我需要将此数据尽可能平均地分成n = 9
个子数据帧。但是,要注意的是,我无法在子集之间拆分相同的分组变量。例如,group == "b"
不能同时出现在子集1和子集2中。
n <- 9
df %>%
mutate(divider = rep(x = 1:n,
each = ceiling(nrow(.)/n),
length.out = nrow(.))) %>%
split(.$divider)
在这里,我创建了一个divider
列,希望将数据分成子集。但是group
的给定值可能具有divider
的两个不同值。因此,此处将分组变量划分为子集。我一直在尝试使用nest
和lag
来改善这一点,但到目前为止没有成功。
我知道子集的行号将不相等,但是我希望有以下类似的东西:
$`1`
# A tibble: 11 x 3
value group divider
<int> <chr> <int>
1 43 a 1
2 22 a 1
3 1 a 1
4 5 a 1
5 4 a 1
6 18 b 1
7 32 b 1
8 33 b 1
9 47 b 1
10 43 b 1
11 35 b 1
$`2`
# A tibble: 6 x 3
value group divider
<int> <chr> <int>
1 24 c 2
2 3 d 2
3 12 d 2
4 13 e 2
5 6 e 2
6 45 f 2
$`3`
...
答案 0 :(得分:1)
一种实现方法,但这取决于数据的顺序,是按组对实例进行计数,并用与所需组数最接近的整数将它们分开。

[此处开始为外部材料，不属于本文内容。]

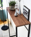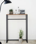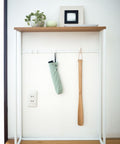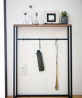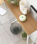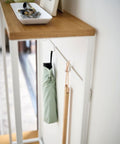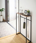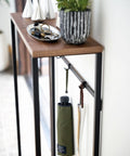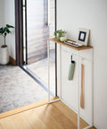 Voeg elegantie toe aan uw entree! De Console Table van Yamazaki is een handige en ruimtebesparende oplossing. Het houten blad zorgt voor expressief minimalisme. Gebruik de haken om paraplu's of schoenlepels aan op te hangen.
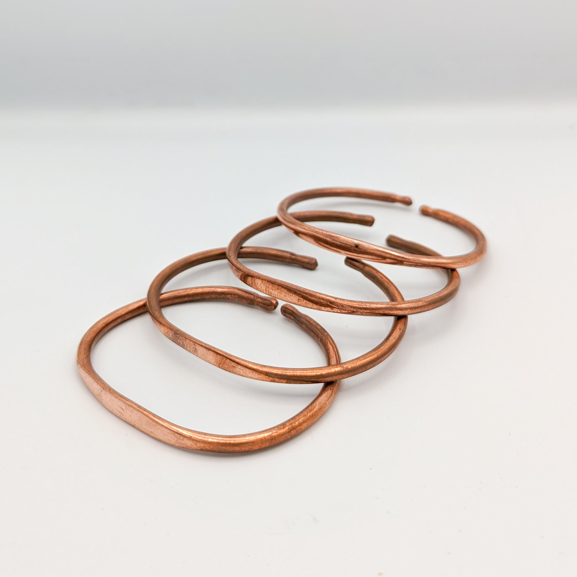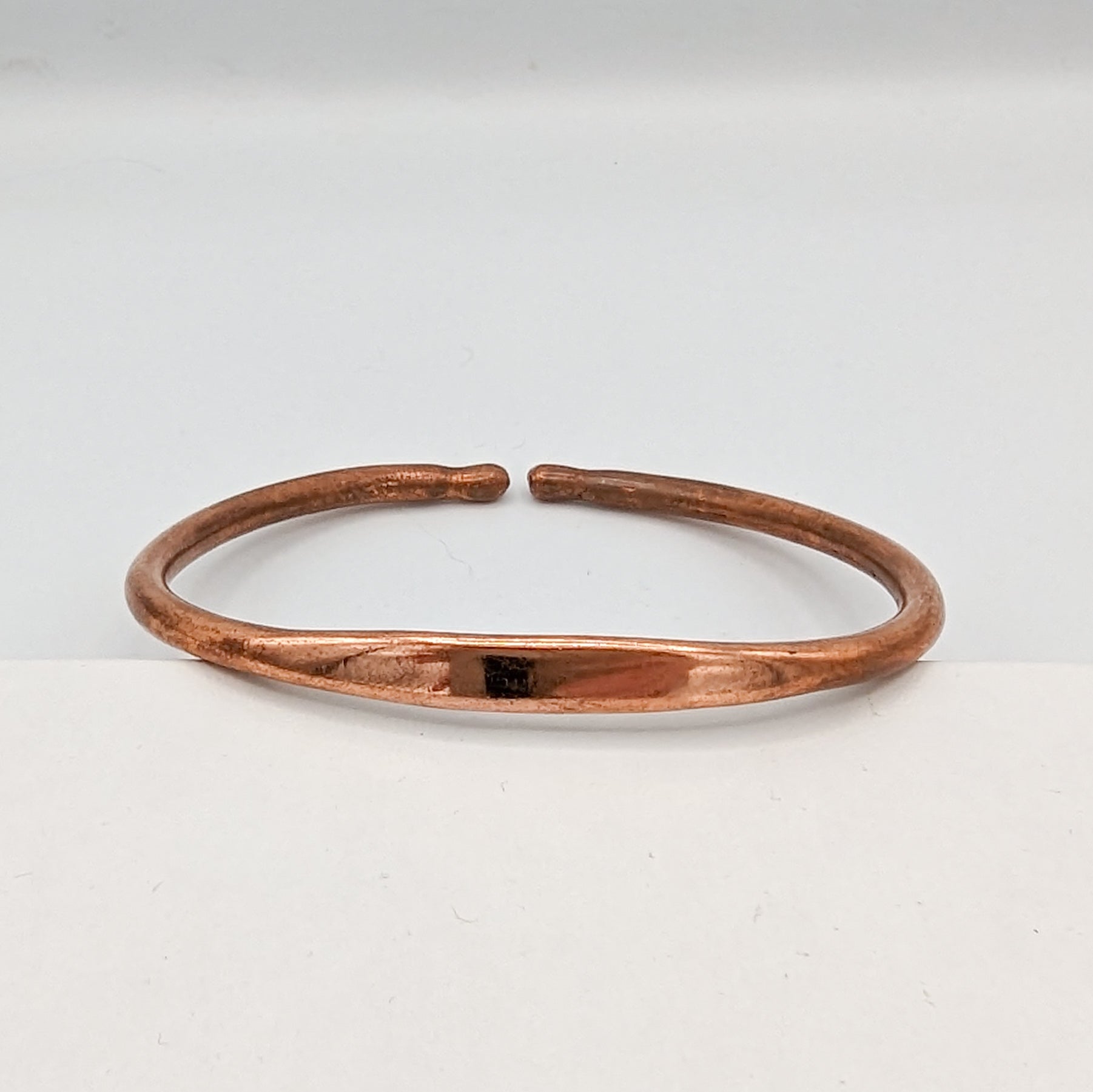 These bracelets are hand hammered and made in workshops by local people in Lubumbashi. Through this, each is unique, with slight different thicknesses and sizes.
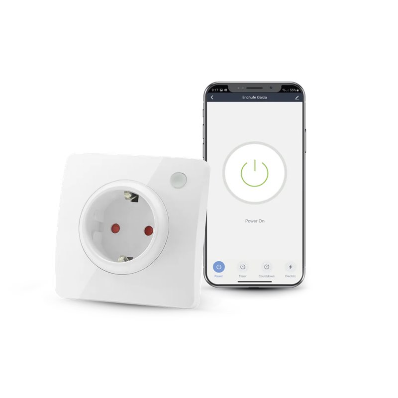 Garza Smarthome presenta este enchufe de pared wifi para dispositivos de hasta 3680W. Funciona por control remoto desde tu dispositivo móvil o tablet, a través de app gratuita de Garza Smarthome disponible para Android e iOS, y a través de asistentes de voz como Alexa y Google Home, también funciona con IFTTT.
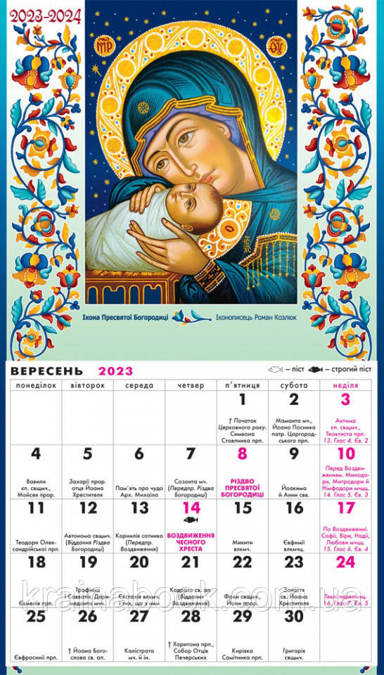 Новий церковний календар на 2023 (з 1 вересня) -2024 рік. Він допоможе Вам зорієнтуватися на який день припадають перехідні та неперехідні церковні свята, коли дозволена будь-яка їжа, коли розпочинаються та закінчуються пости. Він також нагадає вам про святих Церкви і допоможе не забути привітати іменинників.
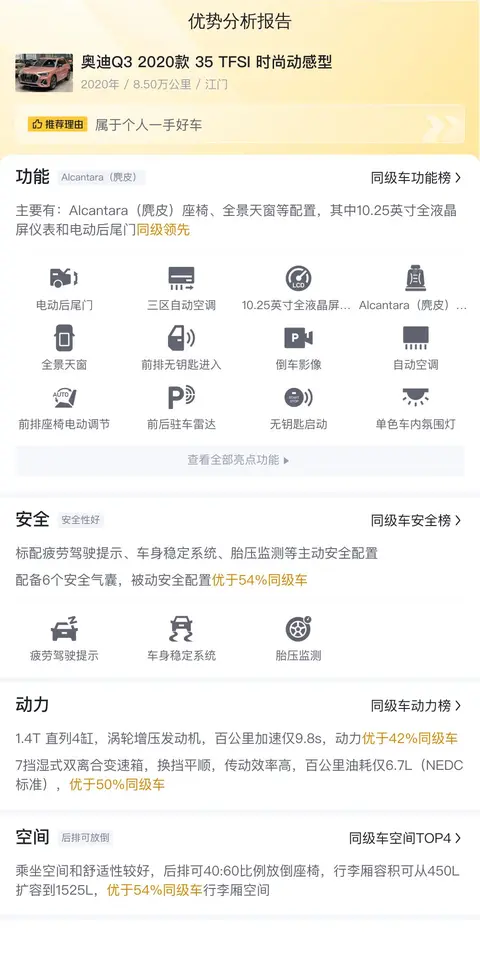 综上所述,这辆奥迪Q3 2020款 35 TFSI 时尚动感型在二手车市场上表现出了极高的性价比。它不仅拥有出色的外观设计和精致的内饰,更在动力性能、安全配置等方面表现出色。如果您正在寻找一款性价比高、性能卓越的豪华SUV,那么这辆奥迪Q3无疑是一个值得考虑的选择。

如果需要9组,则将累积频率相加并除以9。取整数并将其用作数据集的新拆分变量
dftab <- as.data.frame(table(df$group)) %>%
mutate(nobs = cumsum(Freq),
newgrouping = ceiling(nobs/9)) %>%
group_by(newgrouping ) %>%
summarise(number_obs = sum(Freq))
dftab
# A tibble: 8 x 2
newgrouping number_obs
<dbl> <int>
1 1 5
2 2 12
3 3 9
4 4 10
5 5 9
6 6 7
7 7 11
8 8 7
对于“尽可能均匀”,我们可以对各组观测值的标准差进行愚蠢的优化。在这里,依靠组变量的顺序可以帮助完成此过程。
set.seed(4214)
df <- data.frame(value = sample(x = 1:50, 70, replace = TRUE),
group = sample(x = letters, 70, replace = TRUE),
stringsAsFactors = FALSE) %>%
as_tibble() %>%
arrange(group)
store_group <- list()
store_sd <- NA_integer_
for(i in 1:1000){
dftab <- table(df$group) %>%
as.data.frame() %>%
# important step is to shuffle the group variable every iteration
mutate(group = factor(Var1, levels = df$group %>%
unique %>%
sample)) %>%
arrange(group) %>%
mutate(nobs = cumsum(Freq),
newgrouping = ceiling(nobs/9)) %>%
select(newgrouping, group, Freq)
store_group[[i]] <- dftab
df_sd <- dftab %>%
group_by(newgrouping) %>%
summarise(number_obs = sum(Freq))
store_sd[i] <- sd(df_sd$number_obs)
}
这将导致
store_group[[which.min(store_sd)]] %>%
group_by(newgrouping) %>%
summarise(number_obs = sum(Freq))
newgrouping number_obs
<dbl> <int>
1 1 9
2 2 9
3 3 9
4 4 8
5 5 9
6 6 9
7 7 8
8 8 9
其中store_group[[which.min(store_sd)]]
拥有原始数据,并具有“最佳”分组的可能(给定循环中的迭代次数),而当您按{{1}拆分数据集时,整个数据集没有相同的group
}变量
答案 1 :(得分:1)
假设您想要按字母顺序排列的解决方案,如预期输出所示;您可以将cumsum
除以所需的分割数(即9
),以改变上限和下限,并更均匀地分配组。这将导致向量x
,其中分裂指示符已分配给group
变量的每个类别。 x
单独拆分,然后给出一个列表,可使用lapply
拆分数据帧。
x <- round(cumsum(table(dat$group)) / (nrow(dat) / 9))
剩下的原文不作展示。